Collected data
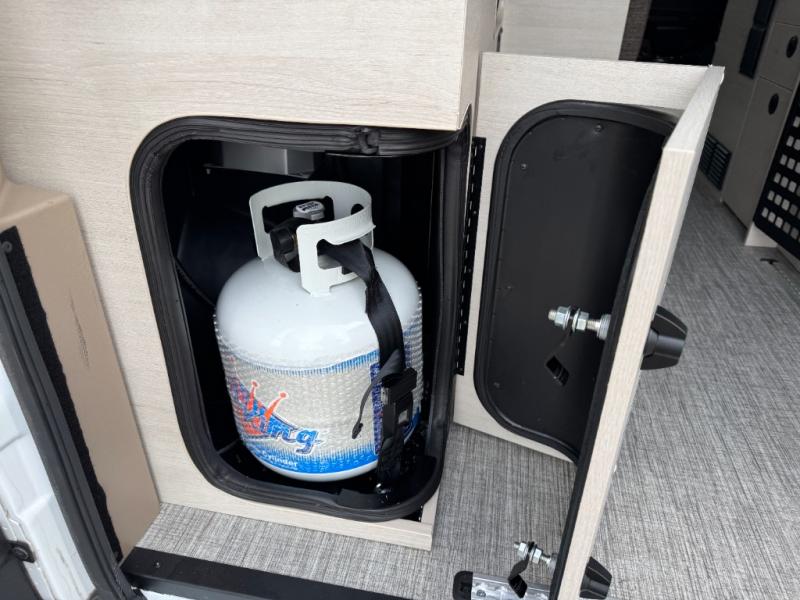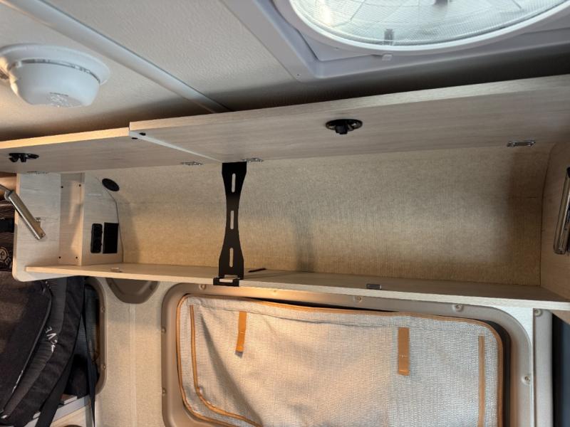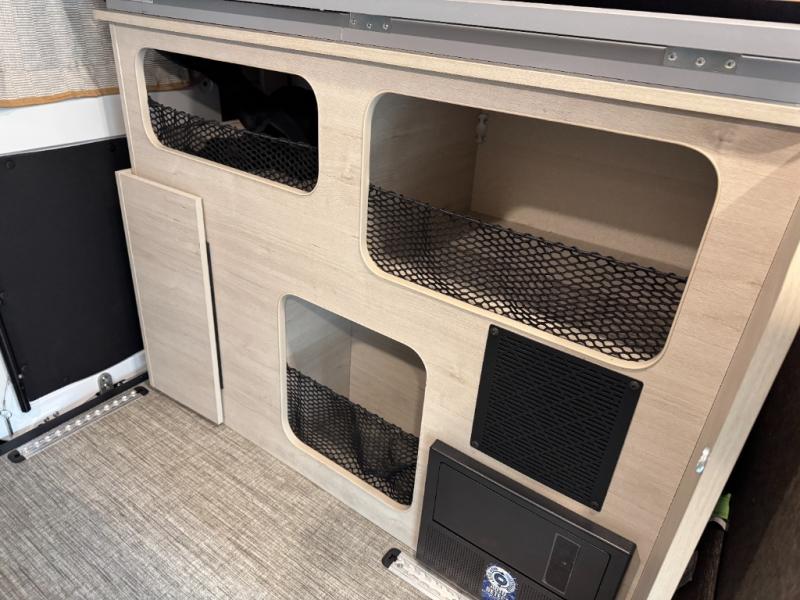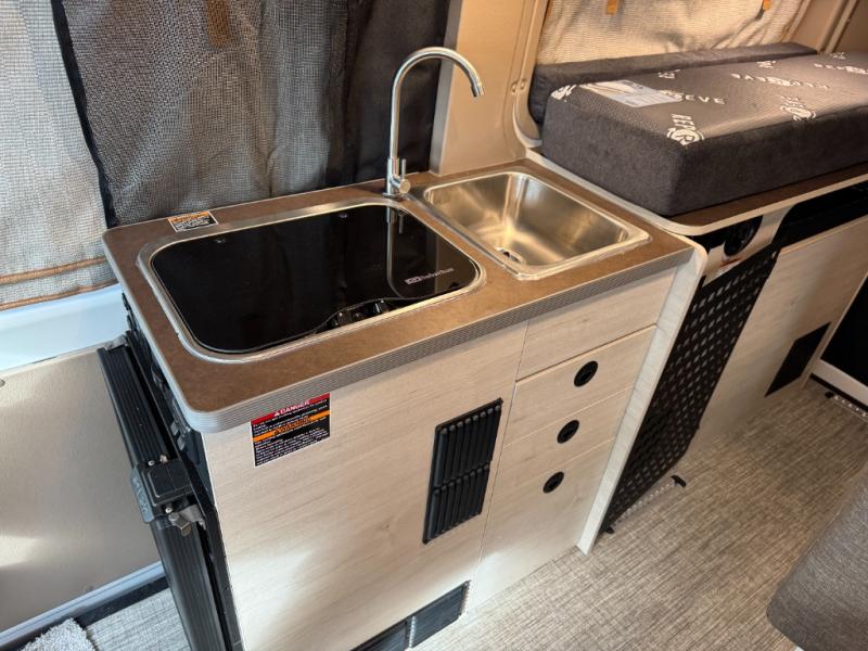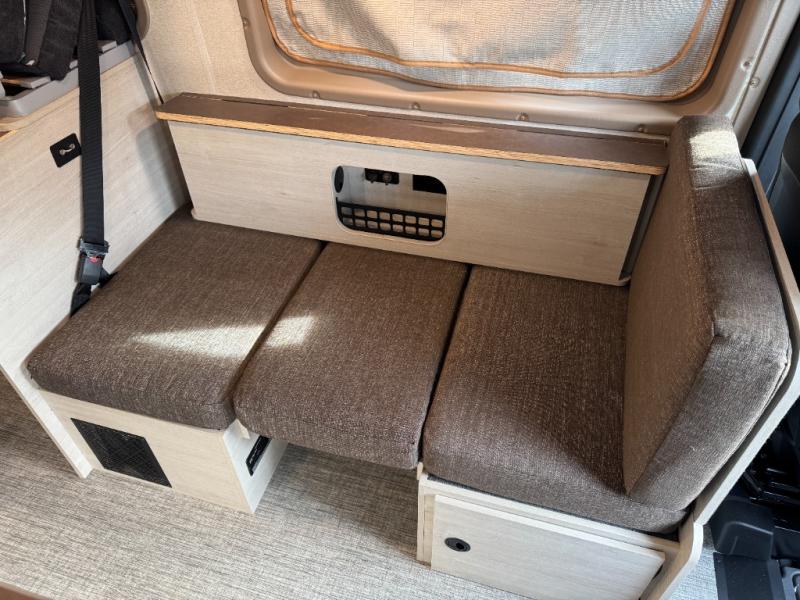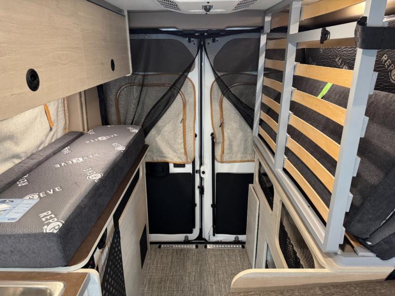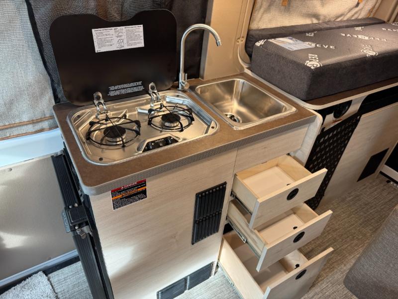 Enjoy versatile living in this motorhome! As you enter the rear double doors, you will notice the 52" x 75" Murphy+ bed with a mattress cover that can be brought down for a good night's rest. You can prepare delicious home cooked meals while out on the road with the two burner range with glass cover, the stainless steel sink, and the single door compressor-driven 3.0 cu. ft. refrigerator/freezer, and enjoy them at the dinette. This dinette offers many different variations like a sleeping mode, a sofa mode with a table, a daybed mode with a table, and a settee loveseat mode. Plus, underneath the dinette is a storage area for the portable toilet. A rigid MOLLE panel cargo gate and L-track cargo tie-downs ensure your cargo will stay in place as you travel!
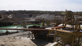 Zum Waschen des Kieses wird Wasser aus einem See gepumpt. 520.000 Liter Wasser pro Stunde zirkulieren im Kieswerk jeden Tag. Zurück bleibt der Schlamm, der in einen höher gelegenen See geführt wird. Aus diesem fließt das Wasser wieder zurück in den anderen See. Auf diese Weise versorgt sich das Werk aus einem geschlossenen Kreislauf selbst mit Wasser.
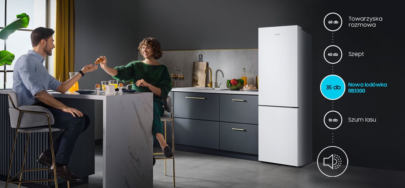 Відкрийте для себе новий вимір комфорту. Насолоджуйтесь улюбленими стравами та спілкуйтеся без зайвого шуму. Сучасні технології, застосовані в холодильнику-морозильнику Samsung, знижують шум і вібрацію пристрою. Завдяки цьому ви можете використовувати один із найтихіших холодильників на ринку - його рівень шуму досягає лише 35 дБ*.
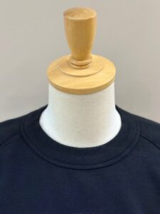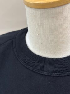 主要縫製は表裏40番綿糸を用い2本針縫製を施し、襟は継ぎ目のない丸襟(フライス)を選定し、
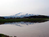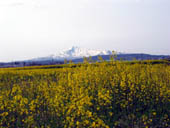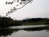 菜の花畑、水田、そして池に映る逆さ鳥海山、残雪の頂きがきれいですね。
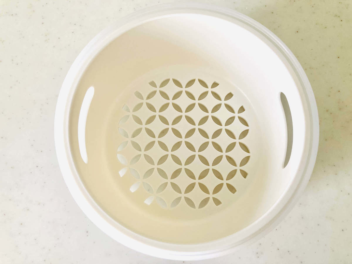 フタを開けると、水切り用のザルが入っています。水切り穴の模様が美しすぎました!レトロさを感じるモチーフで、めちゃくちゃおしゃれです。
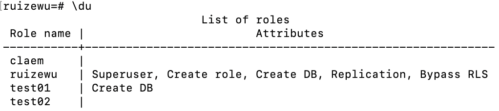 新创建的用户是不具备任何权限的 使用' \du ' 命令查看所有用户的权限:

* ACTIVITY
Write out the records above once more, word for word, with no pictures.

* EXERCISE RESPONSE
 Enjoy versatile living in this motorhome! As you enter the rear double doors, you will notice the 52" x 75" Murphy+ bed with a mattress cover that can be brought down for a good night's rest. You can prepare delicious home cooked meals while out on the road with the two burner range with glass cover, the stainless steel sink, and the single door compressor-driven 3.0 cu. ft. refrigerator/freezer, and enjoy them at the dinette. This dinette offers many different variations like a sleeping mode, a sofa mode with a table, a daybed mode with a table, and a settee loveseat mode. Plus, underneath the dinette is a storage area for the portable toilet. A rigid MOLLE panel cargo gate and L-track cargo tie-downs ensure your cargo will stay in place as you travel!
 Zum Waschen des Kieses wird Wasser aus einem See gepumpt. 520.000 Liter Wasser pro Stunde zirkulieren im Kieswerk jeden Tag. Zurück bleibt der Schlamm, der in einen höher gelegenen See geführt wird. Aus diesem fließt das Wasser wieder zurück in den anderen See. Auf diese Weise versorgt sich das Werk aus einem geschlossenen Kreislauf selbst mit Wasser.
 Відкрийте для себе новий вимір комфорту. Насолоджуйтесь улюбленими стравами та спілкуйтеся без зайвого шуму. Сучасні технології, застосовані в холодильнику-морозильнику Samsung, знижують шум і вібрацію пристрою. Завдяки цьому ви можете використовувати один із найтихіших холодильників на ринку - його рівень шуму досягає лише 35 дБ*.
 主要縫製は表裏40番綿糸を用い2本針縫製を施し、襟は継ぎ目のない丸襟(フライス)を選定し、
 菜の花畑、水田、そして池に映る逆さ鳥海山、残雪の頂きがきれいですね。
 フタを開けると、水切り用のザルが入っています。水切り穴の模様が美しすぎました!レトロさを感じるモチーフで、めちゃくちゃおしゃれです。
 新创建的用户是不具备任何权限的 使用' \du ' 命令查看所有用户的权限:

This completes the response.